Otherwise, short on space with the shrinkage from the discard of SIBL, the new Mid-Manhattan plan conscripts basement space for public use that was previously not public. The underground is where the plan will put the teenagers in a teen center and younger children architecturally cordoned off from each other `because they don’t like to be together.’  Outfitting the basement for public use is not such a bad idea if you think of it as adding to the above-ground space at the Mid-Manhattan library which is not shrinking like the plans driving replacement literary space underground with the Donnell and Brooklyn Heights library sales.

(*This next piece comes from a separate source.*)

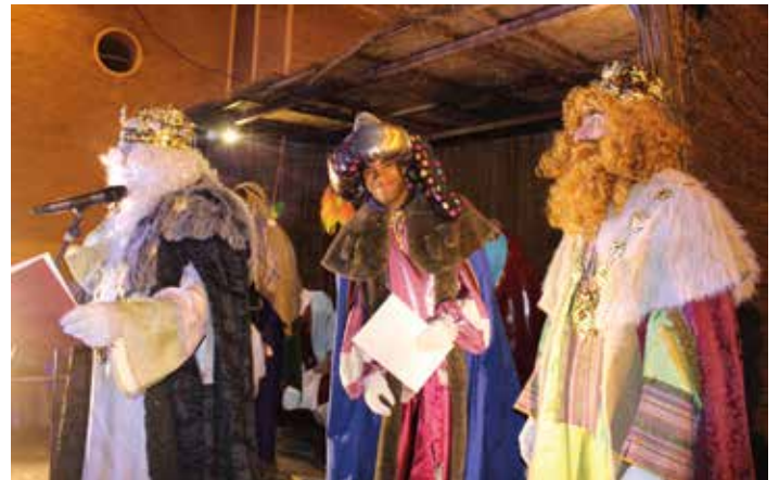
Los Reyes Magos se dirigieron al público desde el portal.

If, instead, you think of the underground space as replacing SIBL’s spaces it is maybe not such a great substitute.  Moreover, this midtown teen center is not actually a new teen center, but, when it opens (projected now for the beginning of 2020) will be the long-awaited replacement of the teen center that was at Donnell, closed in the spring of 2008.  That Donnell teen center, newly renovated when the library closed, was not underground.  Previously, the underground space in the Mid-Manhattan basement was ancillary book-supporting space, so that is lost too.

When NYPL representatives presented the plans January 5th to Manhattan Community Board 5's Budget, Education and City Services committee, the community board members were told that the plan was giving the NYPL “35% more public space.”  But that is only approaches a vague level of `truthiness if you totally disregard elimination of SIBL (and Donnell before that).

When the community board members asked about what was being given up by the plan, “what are you giving up, what is not included in this new plan that is in existence now?” the NYPL representative told them “currently we are not giving anything up. . . there didn’t need to be any sacrifices.”   The NYPL’s representatives simply skipped over the fact that SIBL was being sacrificed, its whole science library component eliminated.  Nor did they mention the NYPL’s recent rush to sell the vast amount of public space at SIBL, all of it in pristine condition because it was so recently built.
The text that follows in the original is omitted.